Hormuz remains the dominant maritime risk signal today after a CMA CGM vessel was struck during transit and U.S. escort activity was paused.
Bridge teams now face a combined kinetic, navigational, sanctions and routing-risk environment.


1. Hormuz Primary Signal: CMA CGM San Antonio Hit During Transit

• CMA CGM San Antonio was attacked while transiting the Strait of Hormuz, injuring crew members and damaging the vessel.  

• The IMO said eight crew members were wounded, and Reuters reported they were Filipino seafarers evacuated for medical treatment.  

• The attack was reported as the 32nd vessel incident since the start of the U.S.-Iran conflict, with Reuters noting disruption to traffic linked to 20% of global oil trade.  

• A maritime security source cited by Reuters said the vessel was struck by an Iranian projectile during a night transit near Oman.  


2. Escort Pause and Gulf Exit Constraint

• Washington launched Project Freedom on May 4 to help escort commercial ships through Hormuz, allowing two U.S.-flagged vessels to exit the Gulf before the operation was paused.  

• Reuters reported the pause was linked to talks aimed at a broader arrangement with Iran, leaving uncoordinated transits exposed to elevated risk.  

• CMA CGM Saigon exited the Gulf and was tracking south of Muscat toward Colombo, becoming the second CMA CGM vessel to leave from an initial group of 14 stranded vessels.  

• Tehran has issued a map expanding a zone it claims is subject to its control, increasing uncertainty for vessels attempting independent or night transits.  


3. Commercial, Insurance and Routing Impact

• Owners and charterers should treat Gulf exit planning as conditional on verified security clearance, not vessel readiness alone.

• The San Antonio strike confirms that container tonnage is exposed alongside tankers, LNG, product carriers and bulk cargoes linked to Gulf ports.

• Fixtures involving Gulf load or discharge should review war-risk clauses, deviation rights, off-hire language, delay allocation, crew-risk provisions and refusal-of-orders thresholds.

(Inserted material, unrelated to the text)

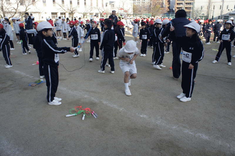 低学年の子どもたちは「なわとび」というより「なわくぐり」でした。

• OFAC warns that Iranian demands for “toll” or safe-passage payments may create sanctions exposure for U.S. and non-U.S. persons, including payments through fiat, digital assets, offsets, swaps or in-kind channels.  


4. Navigation, Compliance and Enforcement Layer

• Windward reporting indicates a major maritime-visibility collapse near Hormuz, including approximately 470 vessels affected by GPS jamming near Fujairah and a large cluster of dark or stationary commercial-size vessels near the Strait.

• Masters in the area should treat GNSS-based position fixing as unreliable and increase use of radar ranges, parallel indexing, visual bearings, echo sounder cross-checks and manual position verification.

• CENTCOM said U.S. forces disabled the Iranian-flagged M/T Hasna in the Gulf of Oman after it attempted to reach an Iranian port and failed to comply with warnings, confirming blockade enforcement continues despite the escort pause.  

• France has moved the Charles de Gaulle carrier group toward the Red Sea and Gulf of Aden for planning around a possible Hormuz maritime-security mission, adding a separate European naval posture layer.  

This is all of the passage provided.